Despite the expected variability between studies arising from differences in animal disease models, strains, experimental variations, array platforms, and species-related differences, our results indicate that among human cardiac diseases, ischemic-related cardiac hypertrophy most closely resembles ISO-treatment of mice (Fig. 7). The similarity of ISO-treatment to idiopathic heart disease suggests that the majority of idiopathic patients exhibited ischemia-associated cardiac hypertrophy and also implies that molecular signatures might be used to classify idiopathic diseases. Alternatively, our findings may simply reflect the notion that a common molecular signature underlies many forms of endstage cardiac failure, irrespective of the etiology. A further complication is that some of the changes in transcript expression may be secondary to changes in cellular composition of cardiac tissue. However, we identified a core set of genes that characterize animal models and human cardiac disease, particularly ischemia-induced cardiomyopathy (Table 6). This list represented several major cellular functions, including cell adhesion and migration, cardiovascular-specific and muscle-specific functions (e.g., cardiac tissue remodelling), cellular growth, proliferation, and survival, extracellular matrix morphology, immune response and inflammation, and stress response.

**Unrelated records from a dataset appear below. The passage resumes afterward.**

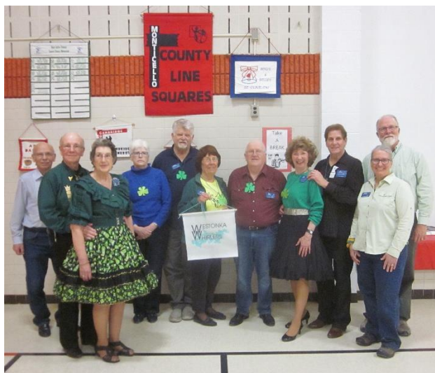
Westonka Whirlers retrieved their banner.

We had seven squares from Afternoon Squares, Ar-Dale Dancers, Beaux & Belles, Cambridge Corners, Hotfoot Stompers, Koronis Nite Owls, Spares & Pairs, and Westonka Whirlers at our March 11, "Green" dance.
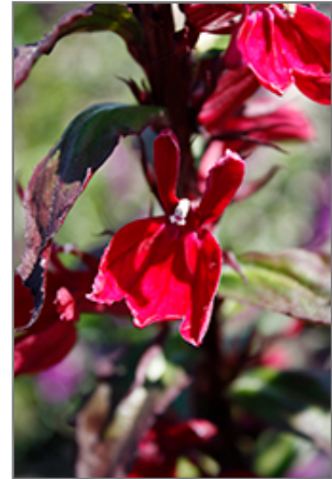
Starship Burgundy Lobelia flowers

Starship Burgundy Lobelia is recommended for the following landscape applications;
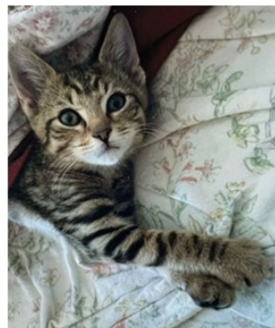
Forgotten Cats Adoptee: Cato
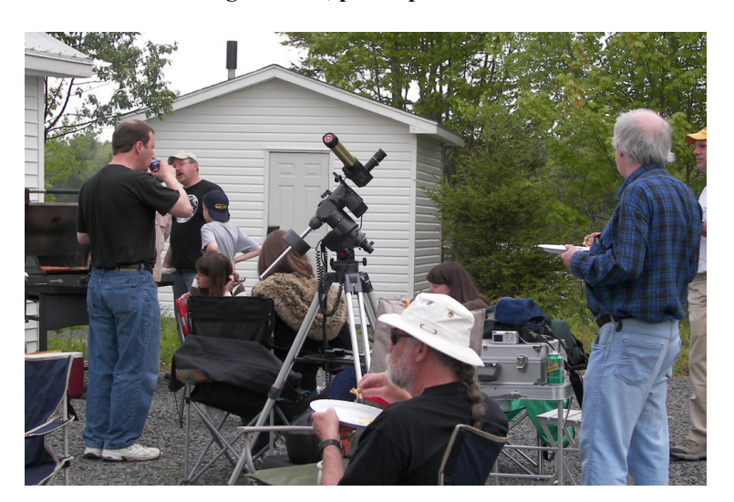
The great weather allowed solar observing during the day
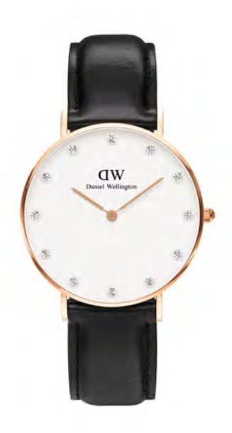
WATCH: 34MM ROSE GOLD STRAP: SHEFFIELD
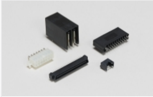
Standard Rectangular Connectors(135)
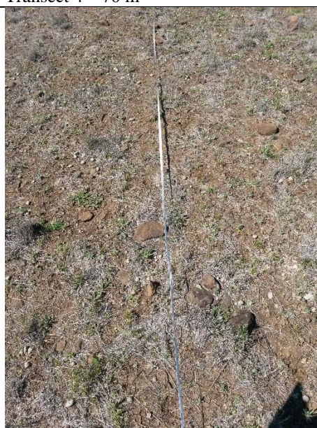
Transect 4 – 80 m
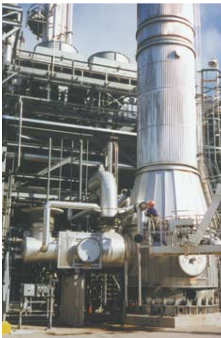
22 MM BTU/hr tail gas unit
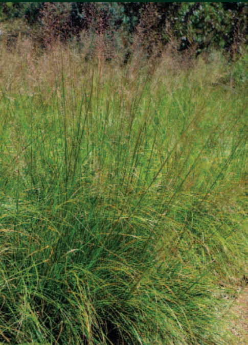
WARM-SEASON GRASS Prairie dropseed

Grasses are pretty easy to grow: Their drought tolerance, adaptability to a variety of soils, low maintenance needs, and limited problems with pests and diseases are testaments to their tough character. Full sun is best for most grasses—although, as with every rule, there are exceptions.
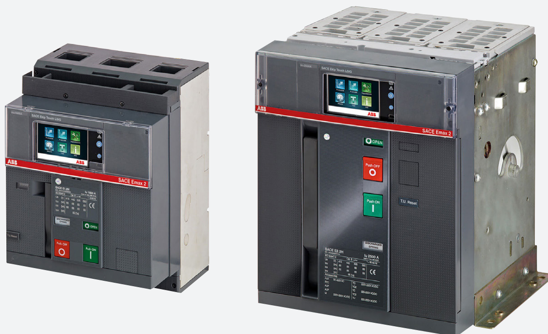
ABB Ability™ Electrification solutions Smart breaker retrofit
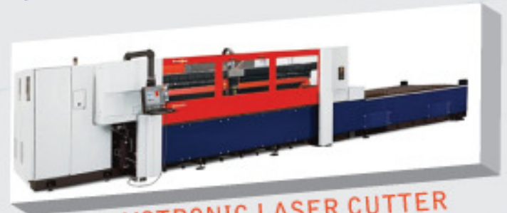
BYSTRONIC LASER CUTTER
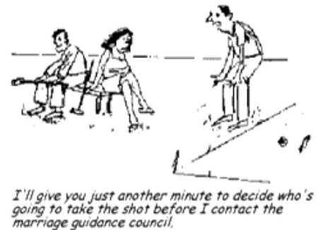
I'll give you just another minute to decide who's going to take the shot before I contact the marriage guidance council.
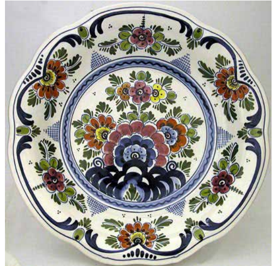
010404.22 12" Diameter - 2" Deep Plate $215.95
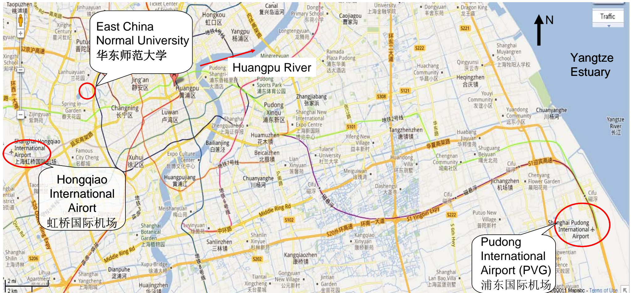
Map 1: Shanghai, Location of the Hongqiao (SHA) and Pudong International Airport (PVG) and the campus of East China Normal University (ECNU)
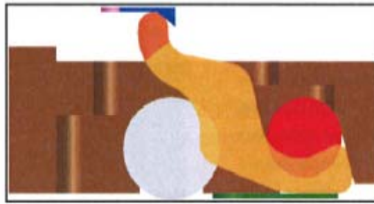
Fig. 1. Pad ROL™100A Series
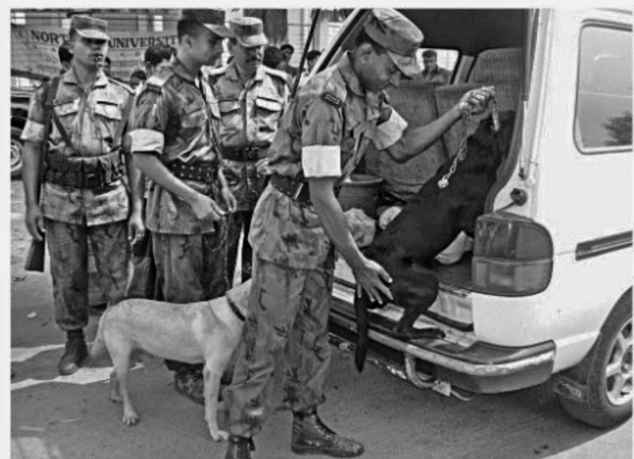
Members of Border Guard Bangladesh (BGB) yesterday launched a drive against smuggling, especially of drugs, in Chapainawabganj for the first time with a dog squad.

No case in connection with the incident was filed with Sadar Police Station as of filing of this report at 6:00pm yesterday.
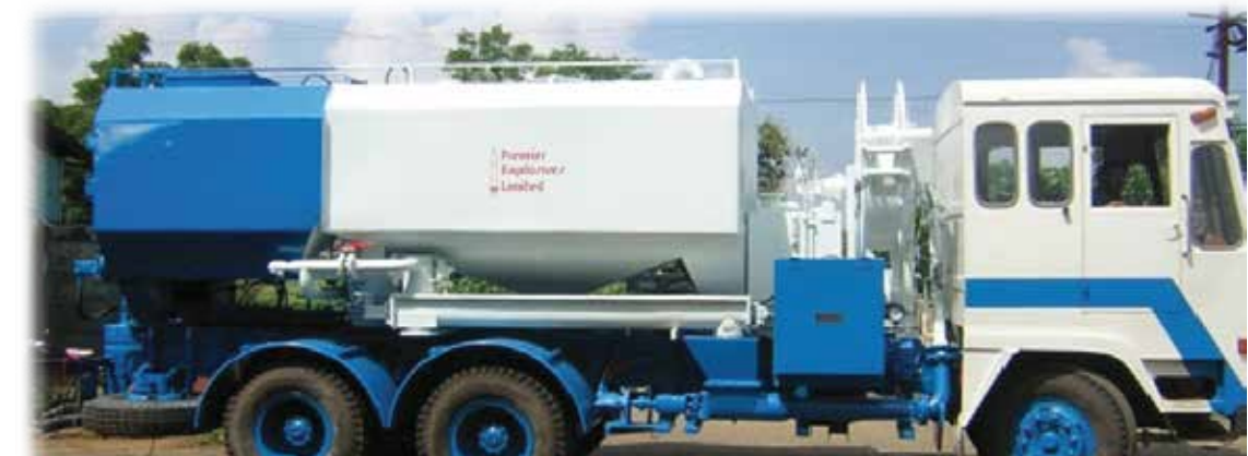
Roto Wide Throat Pump Mounted on SMS Truck
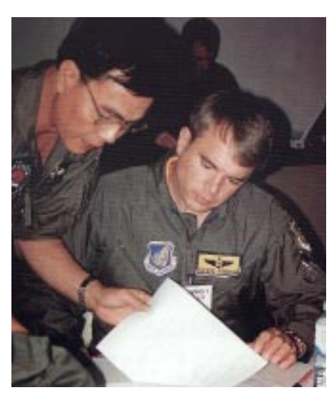
A U.S. Air Force pilot reviews exercise flight plans with a Singapore Air Force pilot during a combined exercise.
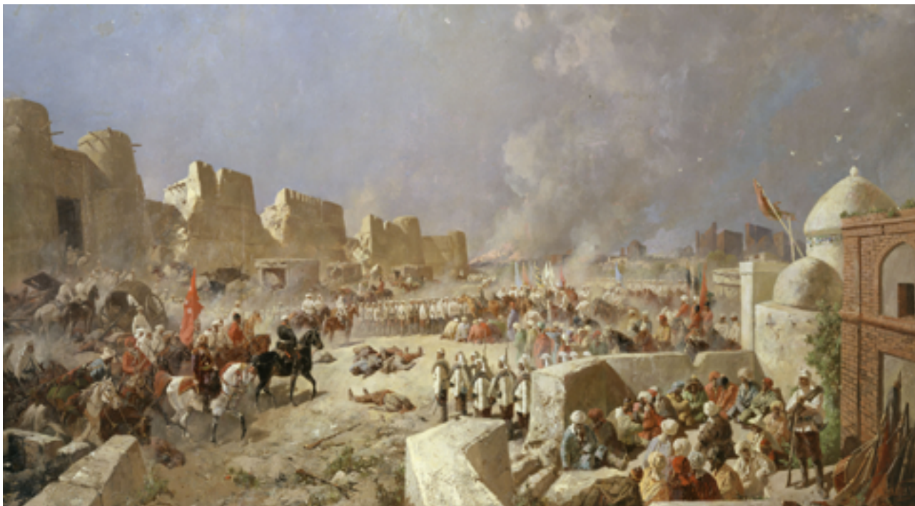
Nikolay Karazin, Russian troops taking Samarkand in 1868

In view of the independent action undertaken by Kaufman and others a few years earlier, it is significant that Russia here reaffirmed her recognition of the exclusive British sphere of influence in Afghanistan. At the same time, however, it was a warning to the British that the Russians did not interpret their obligations as requiring them to request British approval for direct relations with Afghanistan on non-political questions. The British, still distrustful of the intentions of both the Russians and the Amir, expressed displeasure at the proposal. The Russians did not force the issue and it was only settled to Russian satisfaction in the Anglo-Russian Convention of 1907.
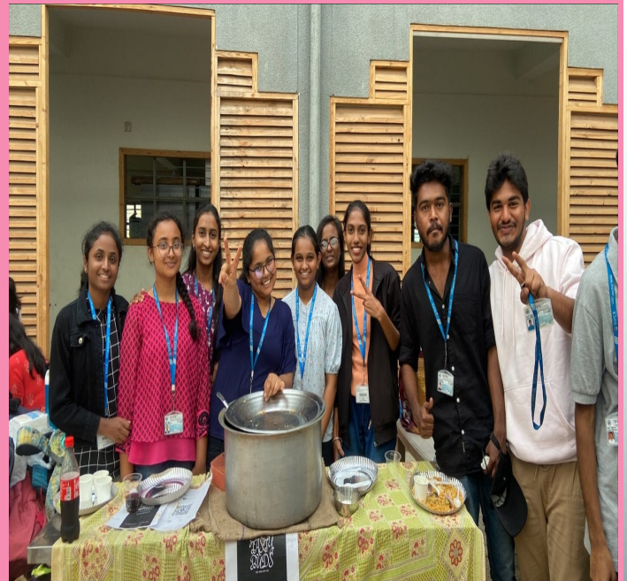
Students and faculty members participation during “Food Carnival ”
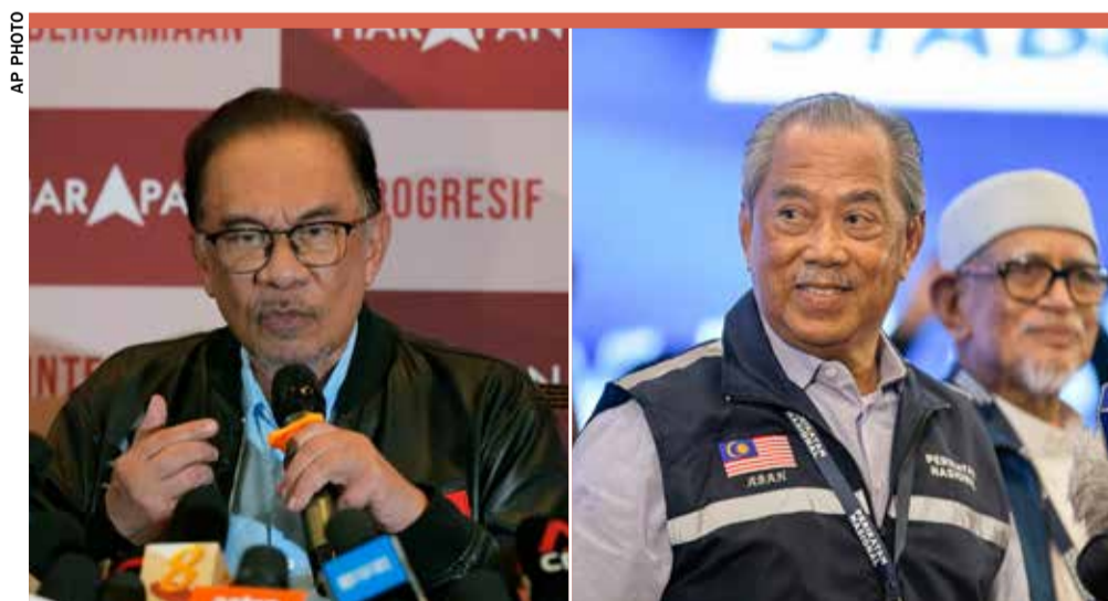
Malaysian opposition leader Anwar Ibrahim (left) and Perikatan Nasional (National Alliance) President Muhyiddin Yassin

The Malay-centric Perikatan Nasional, or National Alliance, led by former Prime Minister Muhyiddin Yassin, was an underdog that enjoyed an unexpected surge of support with 73 out of 222 Parliamentary seats.
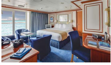
Category 6 cabin.

All cabins and suites feature ocean views, private facilities, climate controls, and a flat-screen TV. Equipped with Ethernet and Wi-Fi connections and USB ports for mobile devices. Some cabins have French balconies. Botanically inspired shampoo, conditioner,
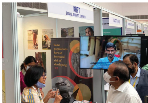
Dr. Harsh Vardhan, Health Minister at the KHPT stall

KHPT was invited to exhibit at the World TB Day event organized by the Central TB Division (CTD) at Ambedkar International Centre, New Delhi on March 24. The team showcased KHPT's community engagement work through posters, films, project briefs, and infographics. A message board was installed for visitors to send supportive messages to frontline workers. Dignitaries including Dr. Harsh Vardhan, Minister of Health, Ministry of Health
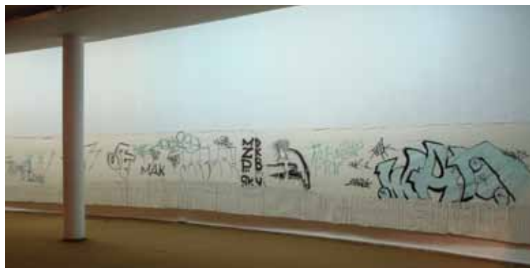
Tania Candiani Stitched Graffiti , 2009

architectural complex built by Ramaiah in the 1960s and that has been demolished and reconstructed on multiple occasions over the last decades. The work calls attention to the progression of urban space to a self-destructive mode and to the role played by power structures in this process.
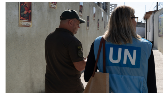
Official Visit to Ukraine
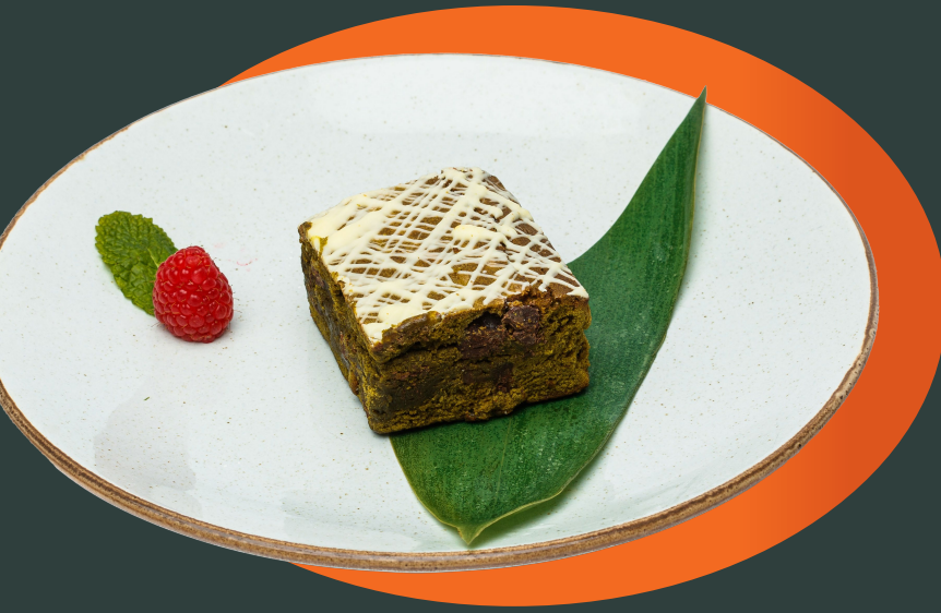
チョコレート抹茶ブラウニー バニラアイス添え Chocolate Matcha Brownie with Vanilla Ice Cream 6.9

One potential weakness in comparing human to animal models is that the human samples may have been subjected to varying degrees of warm ischemia during collection and processing, whereas the animal models were probably collected under more controlled circumstances. There are nonetheless some interesting findings in the results obtained from comparing the various animal model and human cardiac disease gene expression profiles, as shown in Fig. 7. First, as might be expected, the genetic expression profile from murine exercised hearts is strikingly dissimilar from any of the expression profiles from either the human diseased hearts or hearts obtained from murine models of human disease. Secondly, the murine cardiac disease models that do not have a readily recognizable human disease analog (that is, animals treated with high salt, 3,5-diiodothyropropionic acid, and angiotensin II) cluster together, and are not particularly similar to the human disease models. Finally, the murine expression profile for animals treated with aortic banding is very similar to the one obtained from humans with aortic stenosis; these physiologic processes would be expected to be very similar, and the extreme similarity in the gene expression profiles for these conditions strongly supports the notion that microarray genetic profile analysis can be used to determine the faithfulness of animal models in replicating human disease.

Conclusion

We characterized the transcription profile of mouse hearts exposed to isoproterenol, a convenient, reproducible, and rapid model of cardiac hypertrophy. We also indentified the animal model and human cardiac disease transcriptomes that most closely resemble ISO-treatment: myocardial infarction and mutation of αMHC in mice and ischemia-induced cadiomyopathy. We further identified a core set of genes that might represent a universal maladaptive cardiac response to stress and provide individual gene candidates for further investigation.

Methods

Animal models of cardiac hypertrophy

Eight-week old male C57BL/6 mice were purchased from the Jackson Laboratory and housed in the Animal facility at University of Texas Southwestern Medical Center (UTSW), Dallas, TX, in accordance with the standards set forth in the Guide for the Care and Use of Laboratory Animals (NIH Publication No. 85-23, revised 1996). All experimental procedures for this study were approved by the Institutional Animal Care and Use Committee at UTSW. Pathological cardiac hypertrophy was investigated using the isoproterenol-induced subacute myocardial injury model as previously described [28]. Briefly, animals were anesthetized with 1.5% isoflurane (Smiths Medical PM, Waukesha, WI) in 98.5% oxygen and a 1 cm incision made on the back of each animal between the shoulder blades. An Alzet 1007D micro-osmotic pump (DURECT Corporation, Cupertino, CA) containing isoproterenol (ISO, Sigma-Aldrich, St. Louis, MO), at 40 mg.kg-1.d-1, dissolved in 0.9% NaCl was inserted into the infrascapular subcutaneous tissue and the incision sutured. After 10 days of ISO administration, mice were sacrificed, and left ventricles were collected and processed for subsequent assays.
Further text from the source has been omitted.